Archive for October 2007
Lalit K. Jha
UNITED NATIONS, Oct 26 (Pajhwok Afghan News): Former US president Jimmy Carter said on Thursday the Bush administration’s abandoning Afghanistan for an unnecessary attack on Iran was unfortunate.
Speaking to reporters at the UN headquarters here before meeting Secretary-General Ban Ki-moon, Carter said: After the 9/11 tragedy, I have supported one of the rare times in my life a military operation in Afghanistan to root out the al-Qaeda and to capture Osama bin Laden.”
Known as a man of peace, Carter said: Unfortunately though that was abandoned unnecessarily, tragically by the United States as we shifted our attention to Iraq, which I believe was unfounded and not necessary.”
Thus the role of the international forces, he said, was very critical to peace and stability of the country, he felt and urged other states to remain in Afghanistan.
“Now the primary role in Afghanistan is still very important — one just to maintain peace, with the hope that we can have a free and democratic society there.
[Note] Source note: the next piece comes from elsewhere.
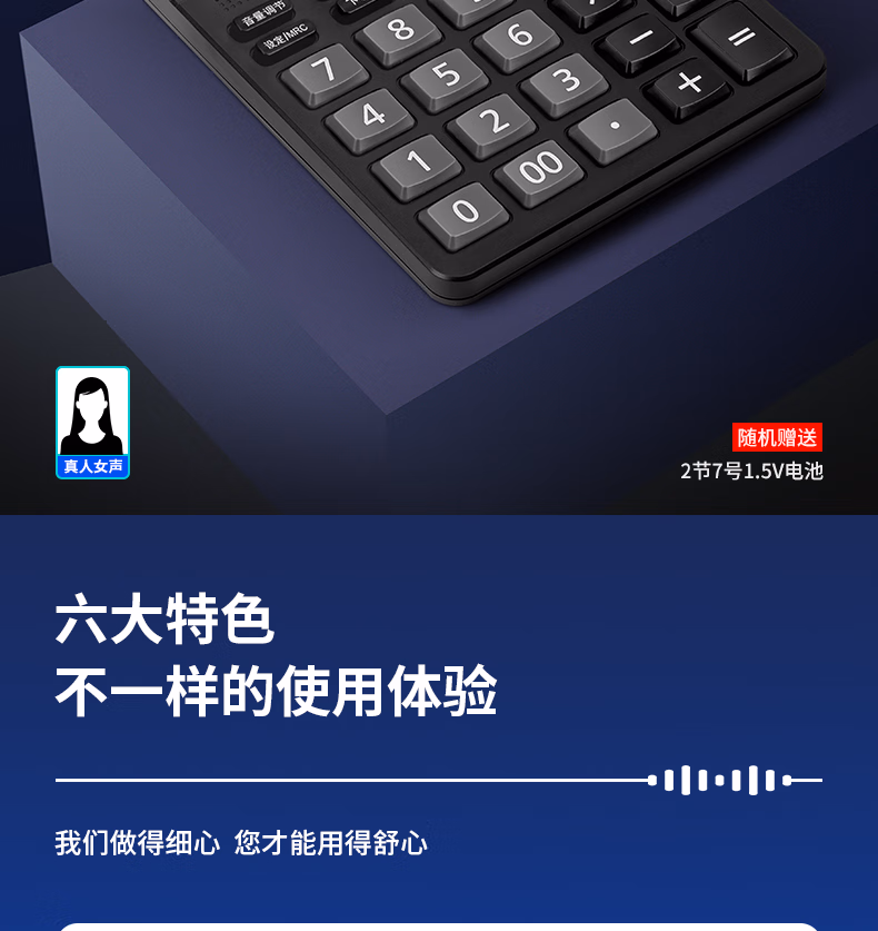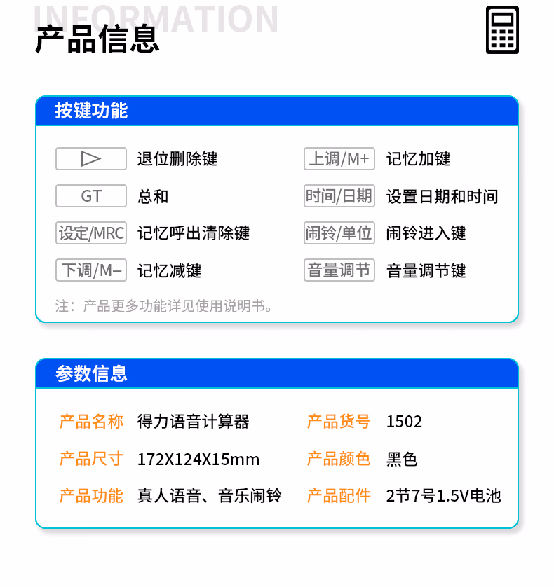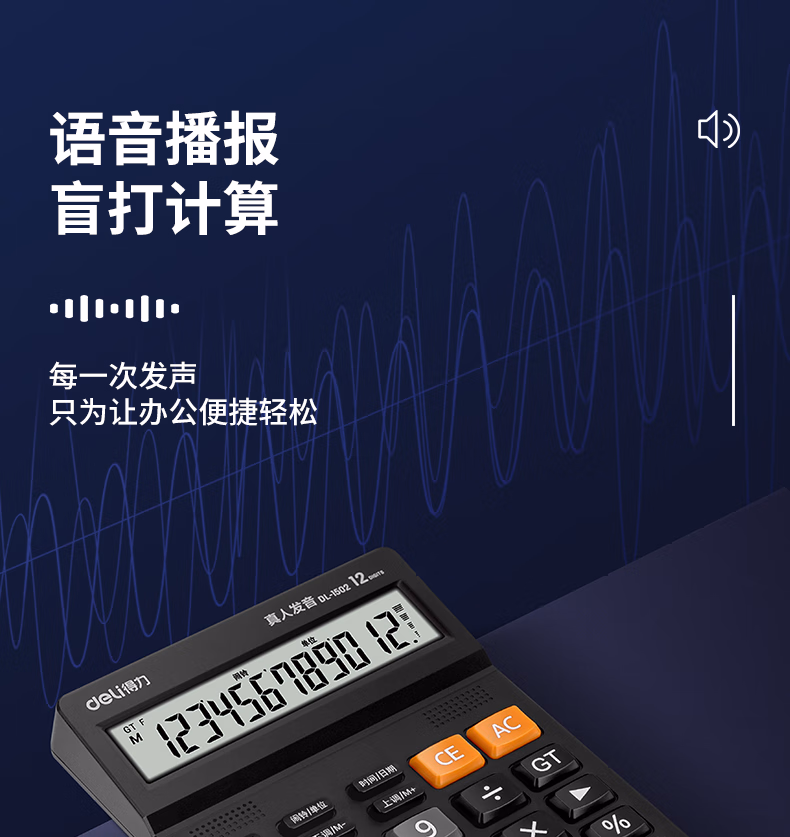 包装清单  :   得力(deli)12位财务商超通用语音计算机 桌面语音计算器 学生/办公口算 黑色1502

It is pretty much a holding game. It is important that Canada and others participate.”
Responding to a question on Iran, the former president said: Any military attack on Iran would be a horrible mistake and a tragedy. What we should be doing is full negotiations, consultations with Iranian leaders to make sure they know that we do not intend to attack them militarily.
“I think the US and others should insist upon the total absence in Iran of any move towards developing any nuclear weapons,” Carter observed, concluding: I hope all those rumours are ill-founded and false.”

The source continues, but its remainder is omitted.